My brother is apparently trying to give that grandpa a run for his money, because he reuses his supermarket bags all the time. Nowadays they aren’t as durable, though, and I hear they only last about a year and a half until they rip. It’s worse here, because the local ones are either paper or biodegradable plastic, which is very fragile. You can reuse it, but not for long. I designate most of mine as garbage bin liners.

But why am I fixating on plastic bags? Food containers. A lot of foods manufactured here, especially the ones that aren’t supposed to be preserved for a year or more, like hummus or marinated tofu, come in PP plastics. Well, most of the containers I bought for my lunches are also PP. Who’s to say I can’t use the hummus container to pack my pasta? No one, that’s who.

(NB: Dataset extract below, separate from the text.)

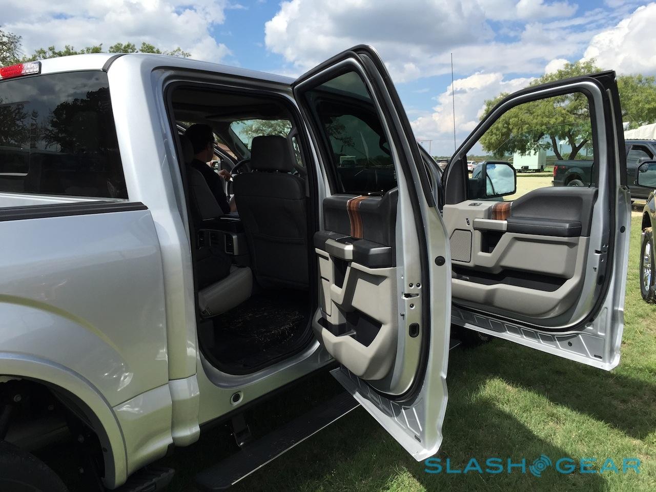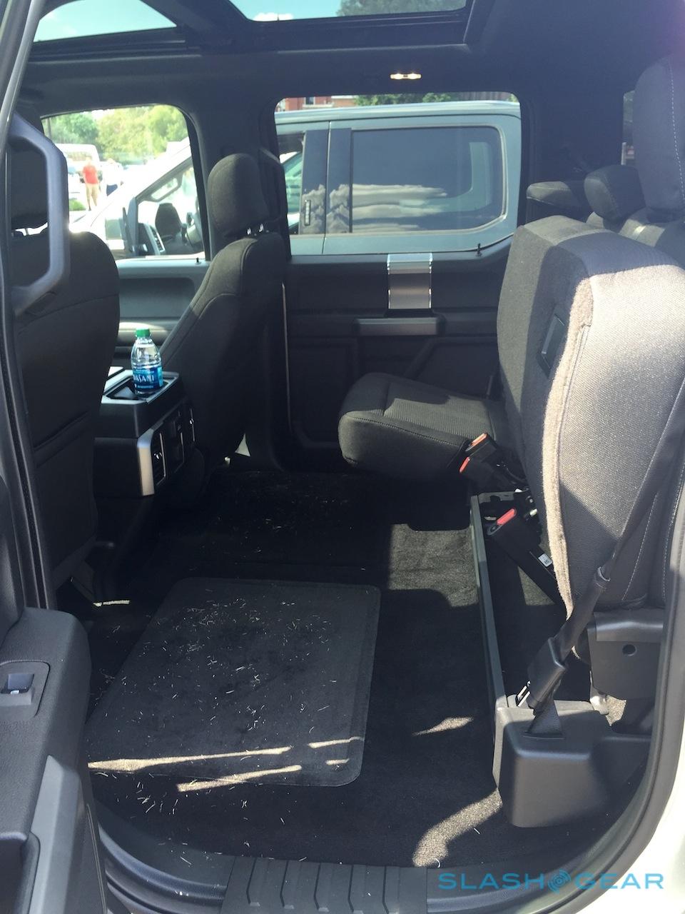 SuperCab and SuperCrew versions get a choice of five or six seat options, with the latter having a 40/20/40 split up front. A capacious storage console takes its place in the five-seater; either way, the front seats are supportive and comfortable, particularly when you add optional heating/cooling. In the back, meanwhile, the rear seats fold up with surprising ease and leave a huge, flat-bottomed swathe of space for luggage. It's particularly easy to fill with the 170-degree backward-opening suicide doors of the SuperCab, B-pillar free so as to leave the whole side of the F-150 open.

When I was younger and plastic straws were still de rigueur, my grandmother used to wash them. And we’d reuse them. As I’m still kicking, I suppose the practice wasn’t that detrimental to my health. I have stainless steel straws now because I am not a fan of bio plastic or paper, but I’d wager if I were to stumble upon a pack of plastic ones, I’d just wash them using the little brush that came with my stainless steel pack.

And then of course there’s the old plebeian custom of washing and reusing small baggies, like the Ikea ziploc ones. My friend left a couple the last time she was visiting – I’m still using them. I bought pasta in a plastic bag – I’ll use it to store bread, pack fruit, or freeze something. There’s still an ancient – I mean it, it’s like… 20+ years old – milk plastic bag kicking around the house somewhere – I think it holds reusable hankies. The only bags I don’t reuse are ones from meats and the very flimsy ones that one would pack veg in at the supermarket. The first one is unhygienic. You’d end up using more plastic on your hospital trip after you try to reuse that one. And the second one would require more energy to wash and reuse than to dispose of.

Turtles choke on plastic straws, stop using plastic

Turtles choke on things we pollute the oceans with. Said pollutants are not necessarily made from plastic. A cotton ribbon carelessly thrown into the ocean will be as deadly to a bird or a turtle as a piece of plastic. Same goes for a metal bottle topper. The answer to happy living turtles is not ‘ban plastic’, it’s ‘stop throwing shit into the oceans’.